To be sure, lawmakers will have to consider structural reforms if they want to achieve the magnitude of savings they're proposing. Hospitals, though, are worried about payment cuts in the short term, especially as policymakers work to avert the series of looming tax increases and spending cuts set to take effect in the New Year.
Of those mentioned, the top concern for hospitals appears to be a reduction in payment for evaluation and management services, an idea the Medicare Payment Advisory Commission recommended in its March 2012 report. The panel suggested Congress direct HHS to reduce payment rates for evaluation and management office visits provided in hospital outpatient departments so that payment rates are equal whether they occur in those settings or in a doctor's office. It also called for a three-year phase-in process.
By MedPAC's estimates, the change would lower Medicare spending by between $1 billion and $5 billion over five years. That figure could change if an automatic 2% Medicare cut takes place in early February under the Budget Control Act of 2011, MedPAC noted in its recommendation.

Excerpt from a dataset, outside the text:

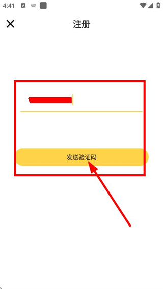 3、在注册手机号填写页面,输入手机号后,点击发送验证码,获取验证码。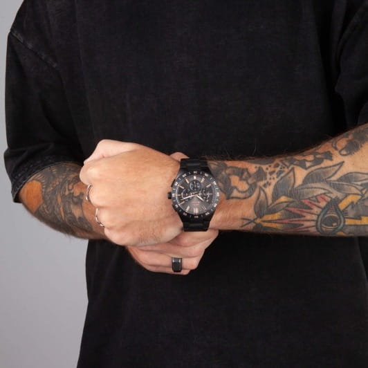 Часы Slazenger SL.09.2285.2.05 — это стильное решение для тех, кто ценит сочетание выразительного дизайна и функциональности. Модель оснащена надежным кварцевым механизмом, который заключен в прочный корпус диаметром 45 мм и толщиной 13 мм, выполненный из суперметалла с черным IP-покрытиемIP-покрытиеМетод ионного напыления. Демонстрирует повышенную устойчивость к истиранию, окислению и химическим веществам. Под воздействием высокого давления и температуры около 1500°C молекулы металла надёжно соединяются с частицами корпуса часов. — современного сплава на основе меди с пониженным содержанием цинка и никеля, обладающего высокой прочностью и устойчивостью к износу, а на безельБезельВнешний ободок, закрепляющий стекло. В спортивных часах так называется поворотное кольцо с делениями на циферблате, выполняет роль таймера – замеряет отрезки времени на шкале. Неподвижный безель – элемент декора. Однонаправленно вращающийся безель на дайверских часах позволяет фиксировать моменты погружения и выныривания на поверхность. нанесено черное IP-покрытиеIP-покрытиеМетод ионного напыления. Демонстрирует повышенную устойчивость к истиранию, окислению и химическим веществам. Под воздействием высокого давления и температуры около 1500°C молекулы металла надёжно соединяются с частицами корпуса часов. и секундная шкала. Минеральное стеклоМинеральное стеклоМинеральное стекло представляет собой искусственно выращенный минерал кварца. Такое стекло отличается особой устойчивостью к повреждениям и царапинам. Уступает по некоторым качествам сапфировому стеклу. защищает черный циферблат от царапин и повреждений. Часы оснащены дополнительными циферблатами для отображения 24-часового времени, даты и дня недели, что делает использование еще более удобным. Браслет также выполнен из суперметалла с черным IP-покрытиемIP-покрытиеМетод ионного напыления. Демонстрирует повышенную устойчивость к истиранию, окислению и химическим веществам. Под воздействием высокого давления и температуры около 1500°C молекулы металла надёжно соединяются с частицами корпуса часов. и с раскладной застёжкойРаскладная застёжкаТакой тип застёжки используется только на браслетах из металла. Она никогда не раскрывается полностью, происходит разделение на 2 и более частей. Раскладывающая застёжка снизит вероятность потери часов к минимуму. и гармонично дополняет общий облик аксессуара. Циферблат оснащён люминесцентным покрытиемЛюминесцентное покрытиеПозволяет считывать показания времени в темноте. Производители наносят на стрелки, часовые индексы, безель или поверхность циферблата светонакопительный состав, дающий холодное свечение. стрелок и меток, что позволяет легко определять время даже в условиях плохой освещенности. Класс водозащиты 5 АТМ позволяет не бояться случайных брызг и дождя, а гарантия 12 месяцев подтверждает высокое качество изделия.

Tonya Wells, vice president of federal public policy and advocacy at Trinity Health, said she has not heard definitely that evaluation and management services will be used as a cost-cutting measure in the debt talks, but it's a considerable concern for the Catholic system, which is based in Livonia, Mich., and operates nearly 50 hospitals, mostly in the Midwest.
“All of the folks on the Hill have acknowledged that it is an option,” Wells said, adding that Trinity has worked to educate lawmakers about the differences in services at hospital outpatient settings and doctor's offices and what implications the cuts would have on hospitals and their outlying communities. For example, Dr. F. Remington Sprague, vice president and chief medical officer at Trinity Health's Mercy Health Partners, told Modern Healthcare that the reduction in evaluation and management services would have a severe impact on the staffing of hospital outpatient departments.

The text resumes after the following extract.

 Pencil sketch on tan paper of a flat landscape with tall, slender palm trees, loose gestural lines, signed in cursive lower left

According to Trinity Health's analysis, payment cuts for evaluation and management services would reduce Trinity's Medicare revenue by between $20 million and $25 million annually, or about 0.5% of the system's net hospital revenue. Trinity reported operating income of $270 million in fiscal 2012, a 3% margin on $8.9 billion in unrestricted revenue, according to audited financial statements.
And evaluation and management services garnered more attention last week. The American Hospital Association sent a six-page letter to MedPAC outlining the AHA's concerns about MedPAC's proposal to expand its site-neutral payment policy for hospital outpatient department services to an additional 71 payment categories beyond its March recommendation to cut payment for 10 evaluation and management services.
“When combined with the E/M cuts already recommended by the commission,” wrote Linda Fishman, senior vice president of public policy analysis and development at the AHA, “the site-neutral payment policies would impose deep cuts of $2 billion per year on routine services that are integral to the service mission of hospitals.”